A total of 184 cases (160 patients, 57% male) with an average age of 12.6 ± 5.30 years (range 0.2–24.9 years) were included. Deformity (n = 39) and instability (n = 36) were the most frequent indications. Syndromes were present in 39% (n = 71), with Down syndrome (n = 20) and neurofibromatosis (n = 12) the most prevalent. Eighty-seven (48%) children presented with preoperative neurological deficits (16 sensory, 16 motor, and 55 combined deficits).

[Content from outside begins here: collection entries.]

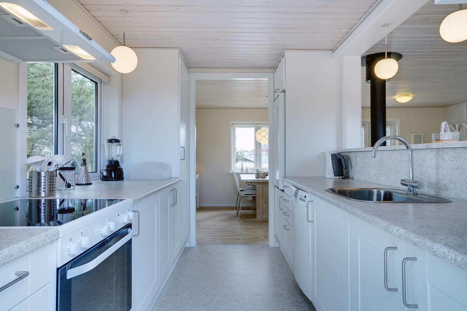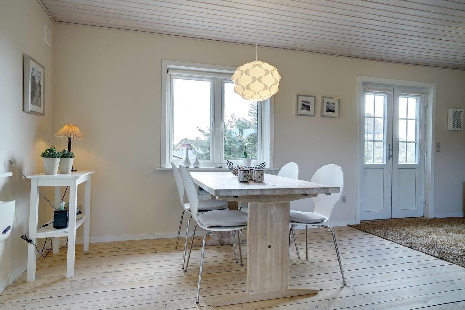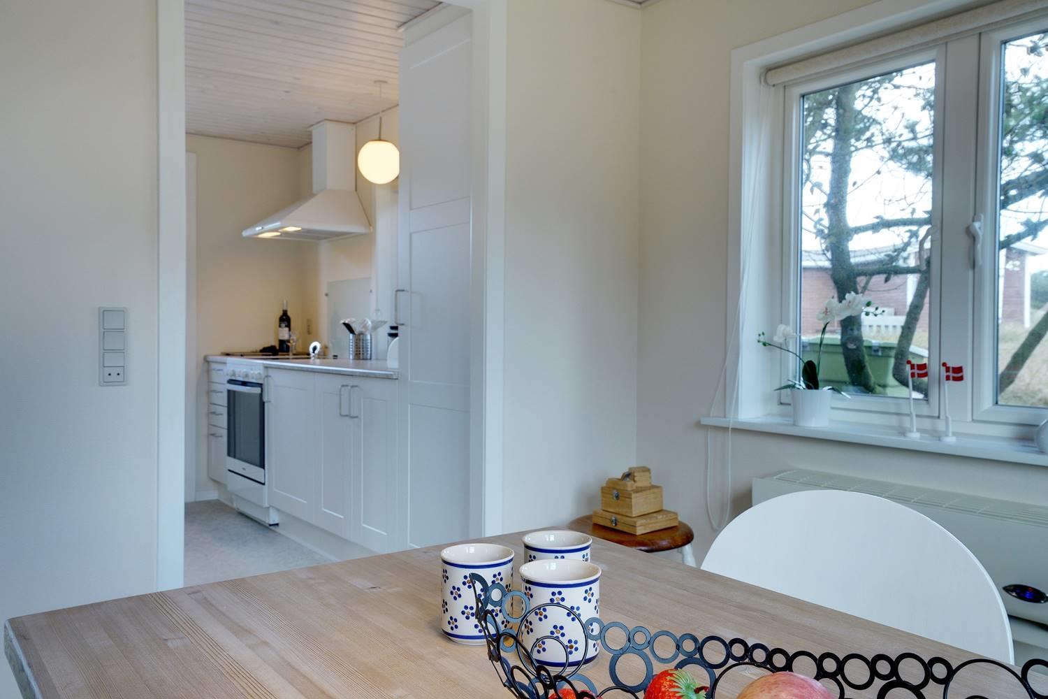 Im Inneren erwartet dich ein freundlich eingerichtetes Ferienhaus, das auf kompakter Fläche alles bietet, was du für einen erholsamen Urlaub in Dänemark brauchst. Der Wohnbereich ist offen gestaltet und verbindet Wohnzimmer, Essbereich und Küche zu einem angenehmen Treffpunkt für gemeinsame Urlaubsstunden.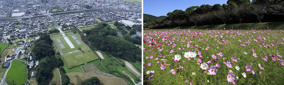 約1300年前、当時の太宰府には、九州全体を管轄する「大宰府」(オオミコトモチノツカサ)という大きな役所が置かれ、約500年の長い間、その役割を果たしていました。今もその歴史をしのばせる大宰府跡や水城跡に加え、観世音寺、太宰府天満宮など市内に数多くの史跡や名所が存在し、毎年数多くの観光客が訪れていることから、サービス業を中心とした第三次産業が盛んなまちです。 また、福岡市からもほど近く、交通アクセスも比較的良い本市は、「史跡や緑にめぐまれた福岡都市圏の住宅都市」として発展しています。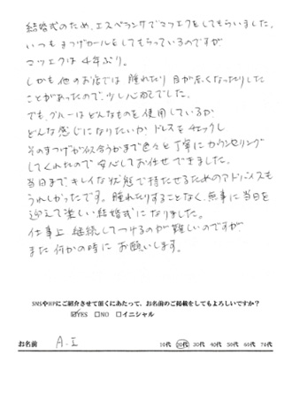 結婚式のため、エスペランサでマツエクをしてもらいました。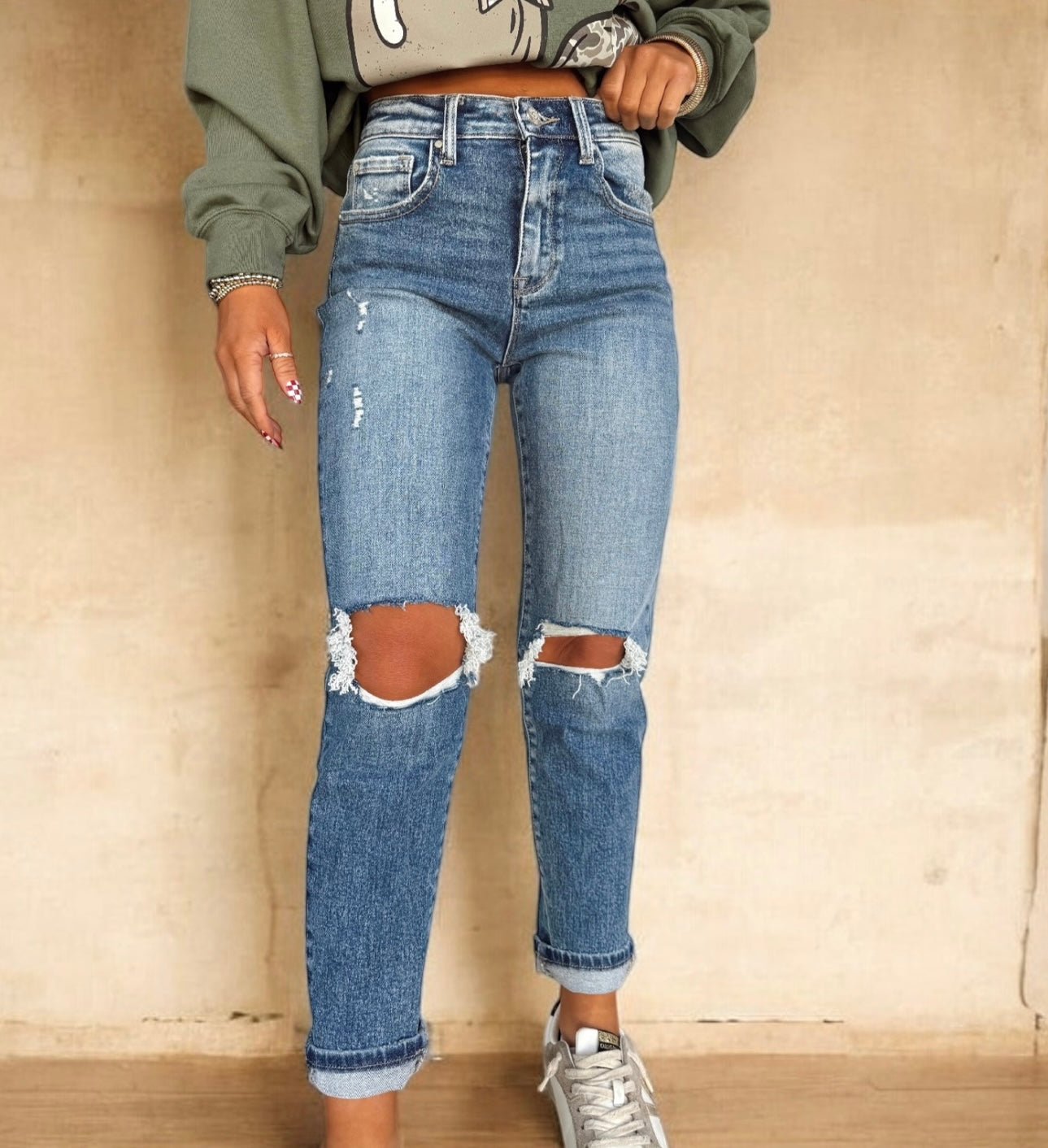 High standards distressed mom jeans

A total of 178 (96.7%) cases improved or remained neurologically stable. New neurological deficits occurred in 6 (3.3%) cases: 3 hemiparesis, 1 hemiplegia, 1 quadriplegia, and 1 quadriparesis. Preoperative neurological compromise was seen in 4 (67%) of these new deficits (3 myelopathy, 1 sensory deficit) and 5 had complex syndromes. Three new deficits were anticipated with intraoperative neuromonitoring changes (p = 0.025).

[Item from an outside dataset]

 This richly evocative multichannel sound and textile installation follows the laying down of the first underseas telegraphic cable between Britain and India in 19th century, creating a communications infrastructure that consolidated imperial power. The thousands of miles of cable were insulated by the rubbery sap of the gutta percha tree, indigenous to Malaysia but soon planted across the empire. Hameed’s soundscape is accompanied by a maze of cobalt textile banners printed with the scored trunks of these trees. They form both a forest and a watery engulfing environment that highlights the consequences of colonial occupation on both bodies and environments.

Three (50.0%) patients with new neurological deficits recovered within 6 months and the child with quadriparesis was regaining neurological function at the latest follow-up. Hemiplegia persisted in 1 patient, and 1 child died due a complication related to the tracheostomy. No association was found between neurological deficits and indication (p = 0.96), etiology (p = 0.46), preoperative neurological symptoms (p = 0.65), age (p = 0.56), use of halo vest (p = 0.41), estimated blood loss (p = 0.09), levels fused (p = 0.09), approach (p = 0.07), or fusion location (p = 0.07).

CONCLUSIONS

An improvement of the preexisting neurological deficit or stabilization of neurological function was seen in 96.7% of children after cervical spine fusion. New or progressive neurological deficits occurred in 3.3% of the patients and occurred more frequently in children with preoperative neurological symptoms. Patients with syndromic diagnoses are at higher risk to develop a deficit, probably due to the severity of deformity and the degree of cervical instability. Long-term outcomes of new neurological deficits are favorable, and 50% of patients experienced complete neurological recovery within 6 months.